_Provided data_
——————————
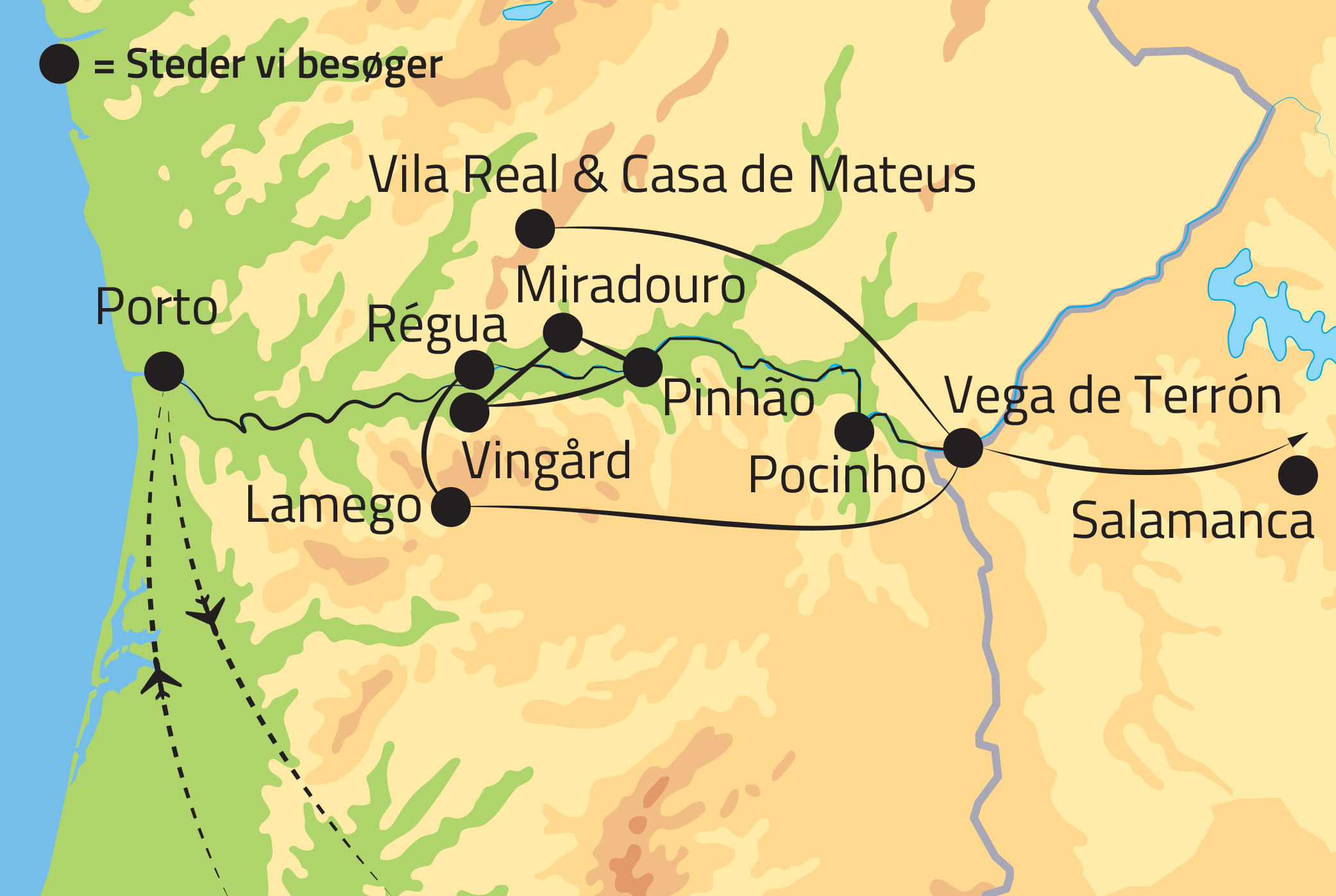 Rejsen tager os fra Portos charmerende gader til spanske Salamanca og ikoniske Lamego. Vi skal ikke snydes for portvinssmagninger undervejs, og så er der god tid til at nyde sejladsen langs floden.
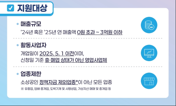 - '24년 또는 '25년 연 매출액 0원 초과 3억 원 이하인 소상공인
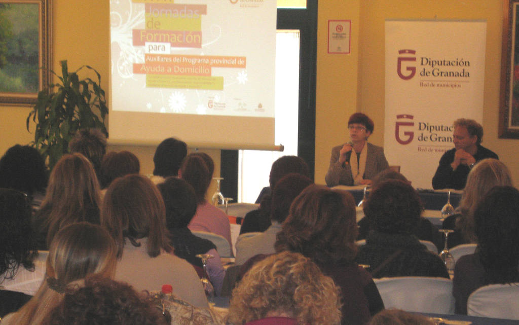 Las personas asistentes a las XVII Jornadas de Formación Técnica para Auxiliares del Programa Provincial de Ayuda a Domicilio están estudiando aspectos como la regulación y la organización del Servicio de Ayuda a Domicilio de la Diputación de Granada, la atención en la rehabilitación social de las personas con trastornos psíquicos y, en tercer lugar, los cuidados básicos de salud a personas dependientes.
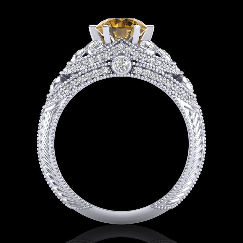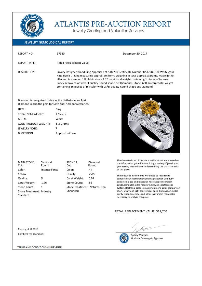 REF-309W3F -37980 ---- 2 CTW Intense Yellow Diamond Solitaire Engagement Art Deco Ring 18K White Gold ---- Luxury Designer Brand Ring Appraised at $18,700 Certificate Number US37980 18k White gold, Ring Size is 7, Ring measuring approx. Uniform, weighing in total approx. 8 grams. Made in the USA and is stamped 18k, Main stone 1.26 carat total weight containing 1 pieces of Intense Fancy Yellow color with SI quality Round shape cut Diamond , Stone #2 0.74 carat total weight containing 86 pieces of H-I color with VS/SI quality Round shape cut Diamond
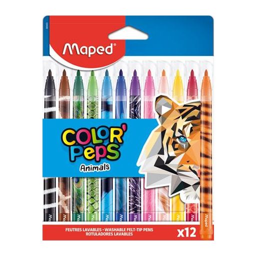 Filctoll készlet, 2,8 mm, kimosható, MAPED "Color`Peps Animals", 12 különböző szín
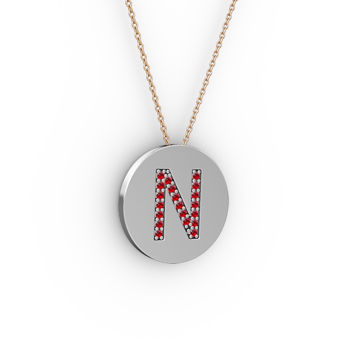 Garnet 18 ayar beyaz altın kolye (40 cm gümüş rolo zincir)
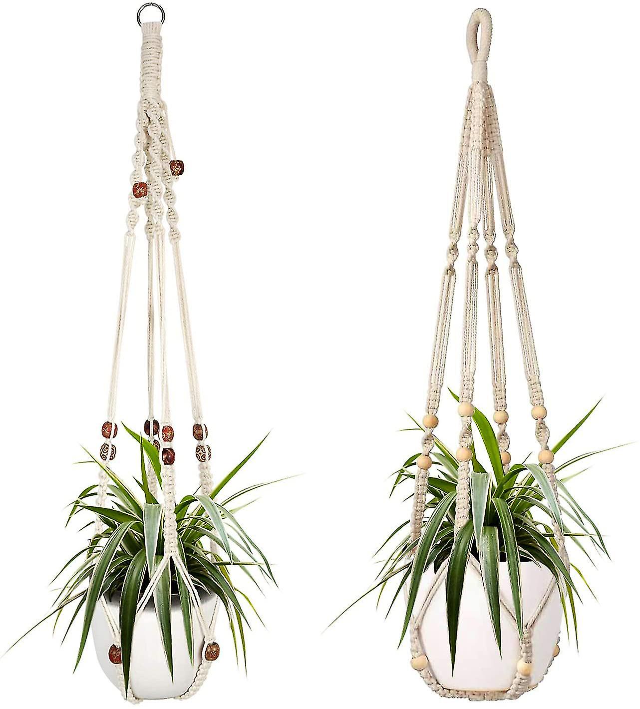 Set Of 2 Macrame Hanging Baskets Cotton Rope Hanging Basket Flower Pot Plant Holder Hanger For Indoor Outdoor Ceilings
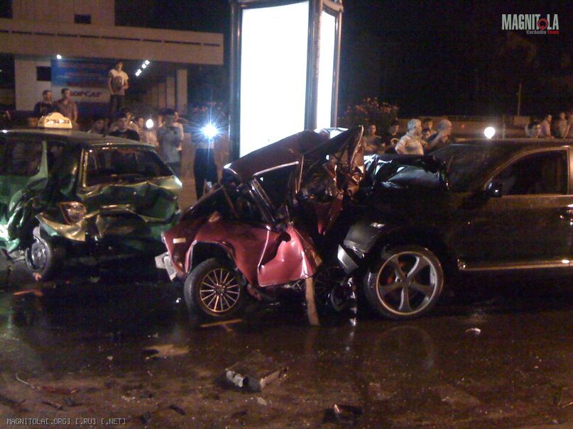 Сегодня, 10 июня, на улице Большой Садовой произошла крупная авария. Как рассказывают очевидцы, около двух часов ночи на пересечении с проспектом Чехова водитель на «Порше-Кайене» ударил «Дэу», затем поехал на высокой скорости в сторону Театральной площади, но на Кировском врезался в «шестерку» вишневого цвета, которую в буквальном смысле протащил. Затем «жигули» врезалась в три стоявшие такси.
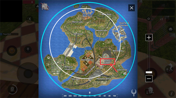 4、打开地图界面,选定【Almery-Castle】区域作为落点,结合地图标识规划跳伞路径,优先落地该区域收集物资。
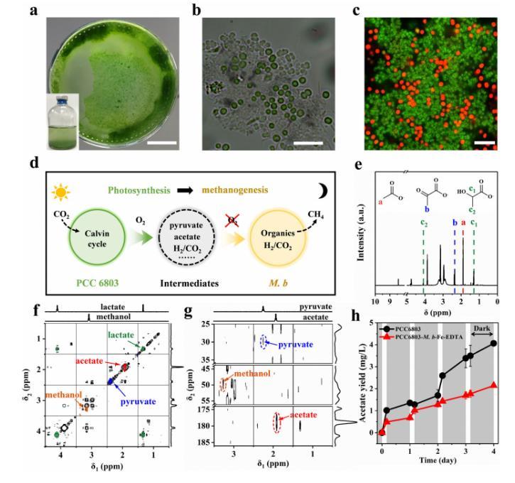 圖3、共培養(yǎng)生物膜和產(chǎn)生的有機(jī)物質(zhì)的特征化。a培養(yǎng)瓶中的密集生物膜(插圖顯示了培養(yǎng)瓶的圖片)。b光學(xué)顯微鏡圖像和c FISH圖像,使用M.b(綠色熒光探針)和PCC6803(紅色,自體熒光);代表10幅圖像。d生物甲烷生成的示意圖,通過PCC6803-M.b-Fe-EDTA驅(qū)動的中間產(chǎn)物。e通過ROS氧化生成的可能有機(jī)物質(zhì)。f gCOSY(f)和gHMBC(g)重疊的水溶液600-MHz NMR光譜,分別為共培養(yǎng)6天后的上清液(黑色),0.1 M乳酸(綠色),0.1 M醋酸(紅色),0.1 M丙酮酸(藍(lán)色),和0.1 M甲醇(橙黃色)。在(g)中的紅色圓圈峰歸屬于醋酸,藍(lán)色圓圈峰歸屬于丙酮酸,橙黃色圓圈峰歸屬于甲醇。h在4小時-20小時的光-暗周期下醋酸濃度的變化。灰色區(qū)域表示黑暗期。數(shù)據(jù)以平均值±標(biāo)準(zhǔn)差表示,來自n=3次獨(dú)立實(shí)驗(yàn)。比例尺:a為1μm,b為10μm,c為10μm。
——————————
_Work task_
Write out exactly the lines that run from the top of the listing above to the line containing "4、打开地图界面,选定【Al", both ends included. Omit every picture.

_Solution to the problem_
 Rejsen tager os fra Portos charmerende gader til spanske Salamanca og ikoniske Lamego. Vi skal ikke snydes for portvinssmagninger undervejs, og så er der god tid til at nyde sejladsen langs floden.
 - '24년 또는 '25년 연 매출액 0원 초과 3억 원 이하인 소상공인
 Las personas asistentes a las XVII Jornadas de Formación Técnica para Auxiliares del Programa Provincial de Ayuda a Domicilio están estudiando aspectos como la regulación y la organización del Servicio de Ayuda a Domicilio de la Diputación de Granada, la atención en la rehabilitación social de las personas con trastornos psíquicos y, en tercer lugar, los cuidados básicos de salud a personas dependientes.
 REF-309W3F -37980 ---- 2 CTW Intense Yellow Diamond Solitaire Engagement Art Deco Ring 18K White Gold ---- Luxury Designer Brand Ring Appraised at $18,700 Certificate Number US37980 18k White gold, Ring Size is 7, Ring measuring approx. Uniform, weighing in total approx. 8 grams. Made in the USA and is stamped 18k, Main stone 1.26 carat total weight containing 1 pieces of Intense Fancy Yellow color with SI quality Round shape cut Diamond , Stone #2 0.74 carat total weight containing 86 pieces of H-I color with VS/SI quality Round shape cut Diamond
 Filctoll készlet, 2,8 mm, kimosható, MAPED "Color`Peps Animals", 12 különböző szín
 Garnet 18 ayar beyaz altın kolye (40 cm gümüş rolo zincir)
 Set Of 2 Macrame Hanging Baskets Cotton Rope Hanging Basket Flower Pot Plant Holder Hanger For Indoor Outdoor Ceilings
 Сегодня, 10 июня, на улице Большой Садовой произошла крупная авария. Как рассказывают очевидцы, около двух часов ночи на пересечении с проспектом Чехова водитель на «Порше-Кайене» ударил «Дэу», затем поехал на высокой скорости в сторону Театральной площади, но на Кировском врезался в «шестерку» вишневого цвета, которую в буквальном смысле протащил. Затем «жигули» врезалась в три стоявшие такси.
 4、打开地图界面,选定【Almery-Castle】区域作为落点,结合地图标识规划跳伞路径,优先落地该区域收集物资。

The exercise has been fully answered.